_Task objective_
Without the pictures, extract every line from the start of the material to the line containing "Bad Pyrmont (ots)", both ends included.

*** Source data

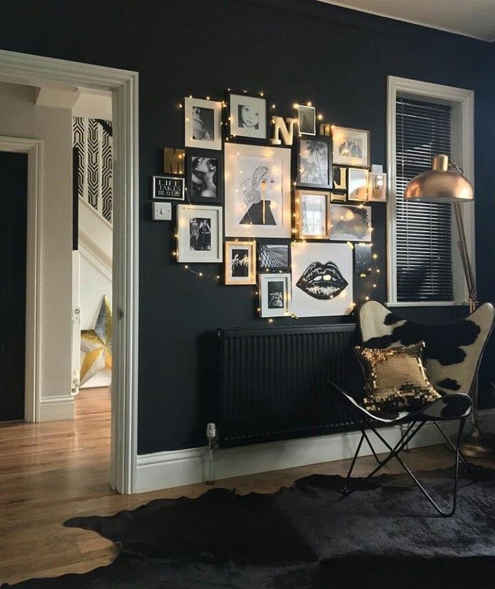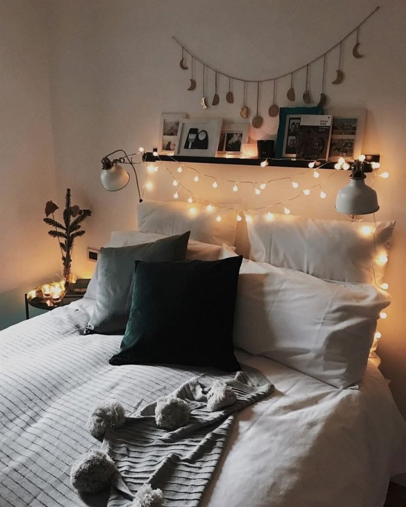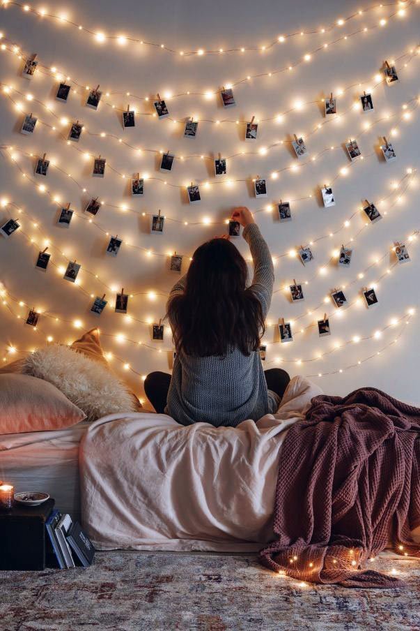 Drucken Sie Ihre Lieblingsbilder und platzieren Sie sie in die Girlande. Es ist besser, eine spezielle Girlande mit einem transparenten Draht- und Wäscheklammern zu erwerben. Eine andere Möglichkeit besteht darin, Bilder in den Rahmen an der Wand zu platzieren, wobei der Faden der Girlanden ihrer Konturen unterstreicht wird.
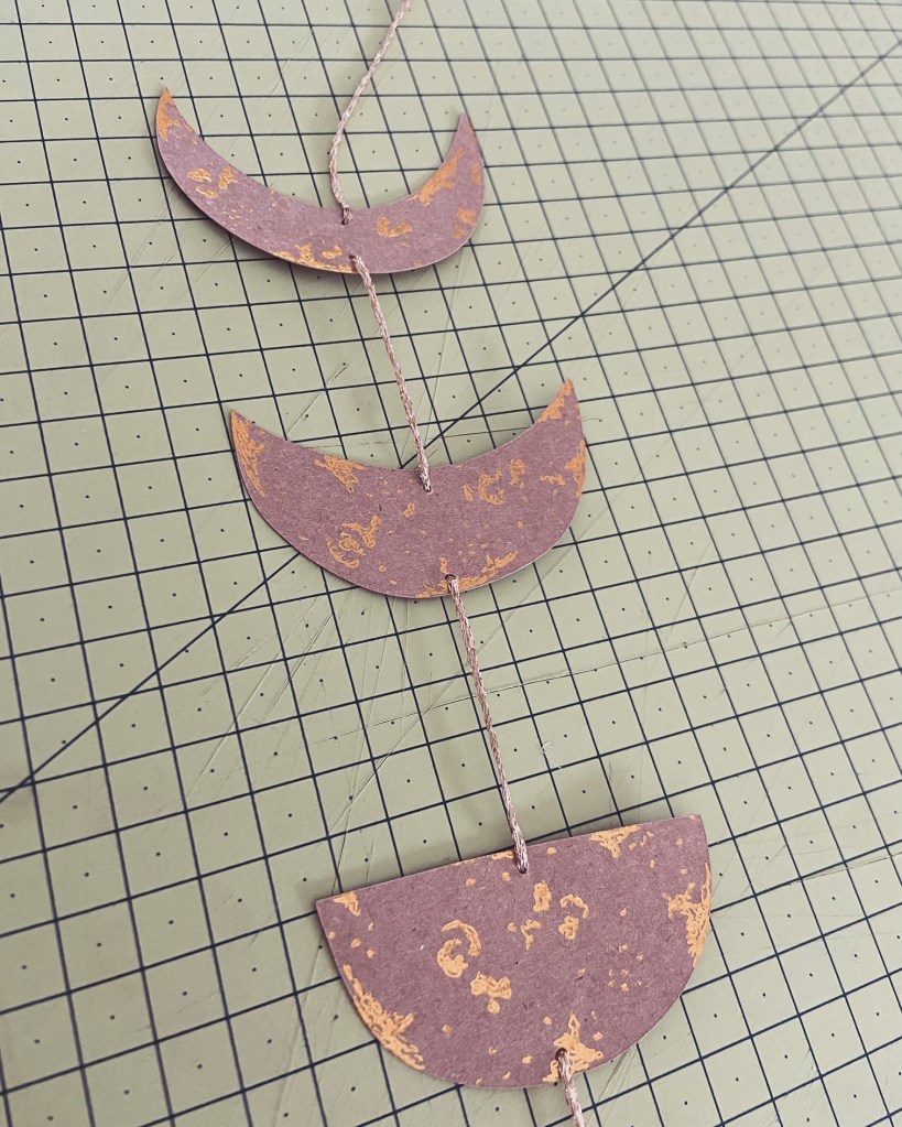 Et oui, aujourd’hui, je vous propose de créer une jolie guirlande en papier kraft & embossage, avec les différentes phases de la Lune.
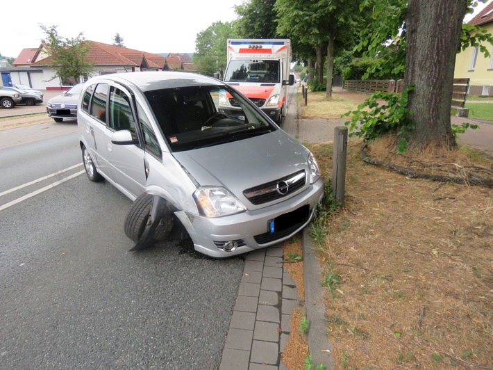 Bad Pyrmont (ots) - Am 11.07.2019, gegen 17.05 Uhr, kam es auf der Bundesstraße 1 in der Ortsdurchfahrt Groß Berkel zu einem Verkehrsunfall mit erheblichem Sachschaden. Eine 52-jährige Frau aus Horn-Bad Meinberg war vermutlich infolge Sekundenschlafes mit ihrem Pkw Opel Meriva nach rechts von der Fahrbahn abgekommen und war gegen einen dort parkenden VW Passat gefahren.
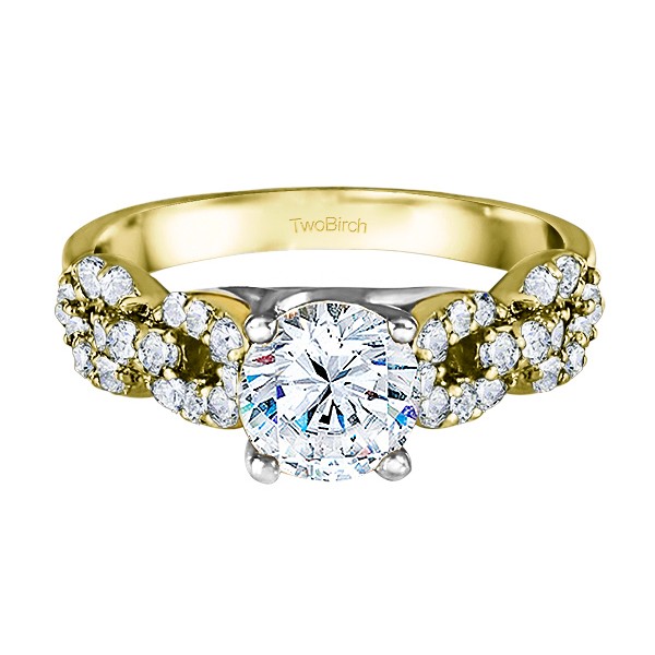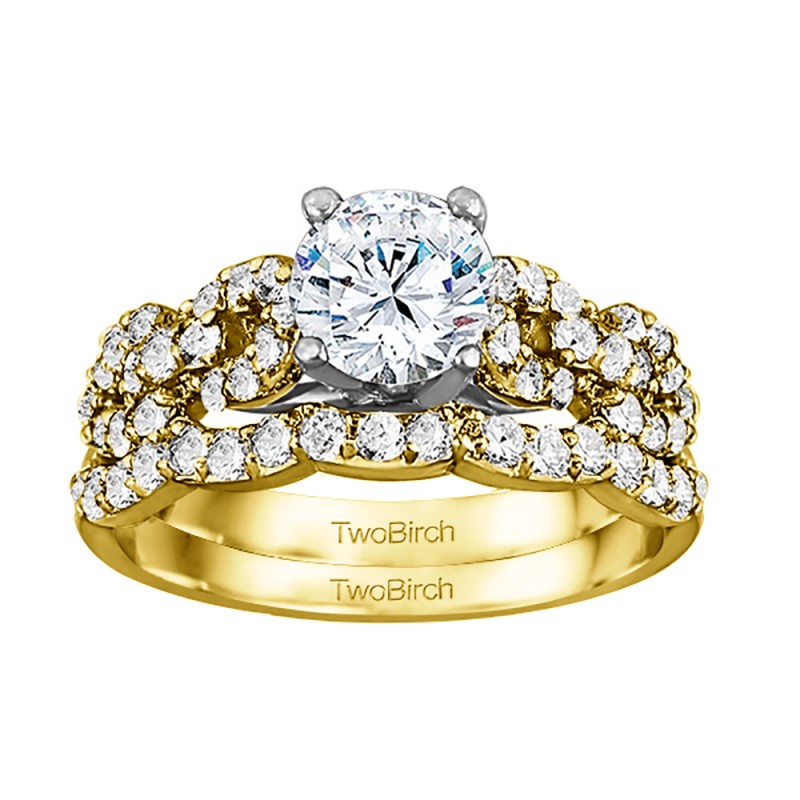 This TwoBirch bridal set features two rings: an engagement ring and matching wedding band. Every bridal set we sell is made with conflict free and eco-conscious metals and stones. This engagement ring features a Round center stone, surrounded by 34 side stones. The engagement ring has a 1 carat center stone, and 0.51 carats of side stones, giving the engagement ring a total weight of 1.51 carats. The matching wedding band in this set has 17 stones with a total weight of 0.26 carats. This bridal set has a total combined weight of 1.77 carats. If you would like to purchase just the engagement ring in this set, please search for TB-ENG-262-H8L in the search bar above. This set is available in many variations of gold, as well as moissanite, diamonds, or even as a mounting with no center stone. Please make selections from the drop down menus.

******

_Result of this exercise_
 Drucken Sie Ihre Lieblingsbilder und platzieren Sie sie in die Girlande. Es ist besser, eine spezielle Girlande mit einem transparenten Draht- und Wäscheklammern zu erwerben. Eine andere Möglichkeit besteht darin, Bilder in den Rahmen an der Wand zu platzieren, wobei der Faden der Girlanden ihrer Konturen unterstreicht wird.
 Et oui, aujourd’hui, je vous propose de créer une jolie guirlande en papier kraft & embossage, avec les différentes phases de la Lune.
 Bad Pyrmont (ots) - Am 11.07.2019, gegen 17.05 Uhr, kam es auf der Bundesstraße 1 in der Ortsdurchfahrt Groß Berkel zu einem Verkehrsunfall mit erheblichem Sachschaden. Eine 52-jährige Frau aus Horn-Bad Meinberg war vermutlich infolge Sekundenschlafes mit ihrem Pkw Opel Meriva nach rechts von der Fahrbahn abgekommen und war gegen einen dort parkenden VW Passat gefahren.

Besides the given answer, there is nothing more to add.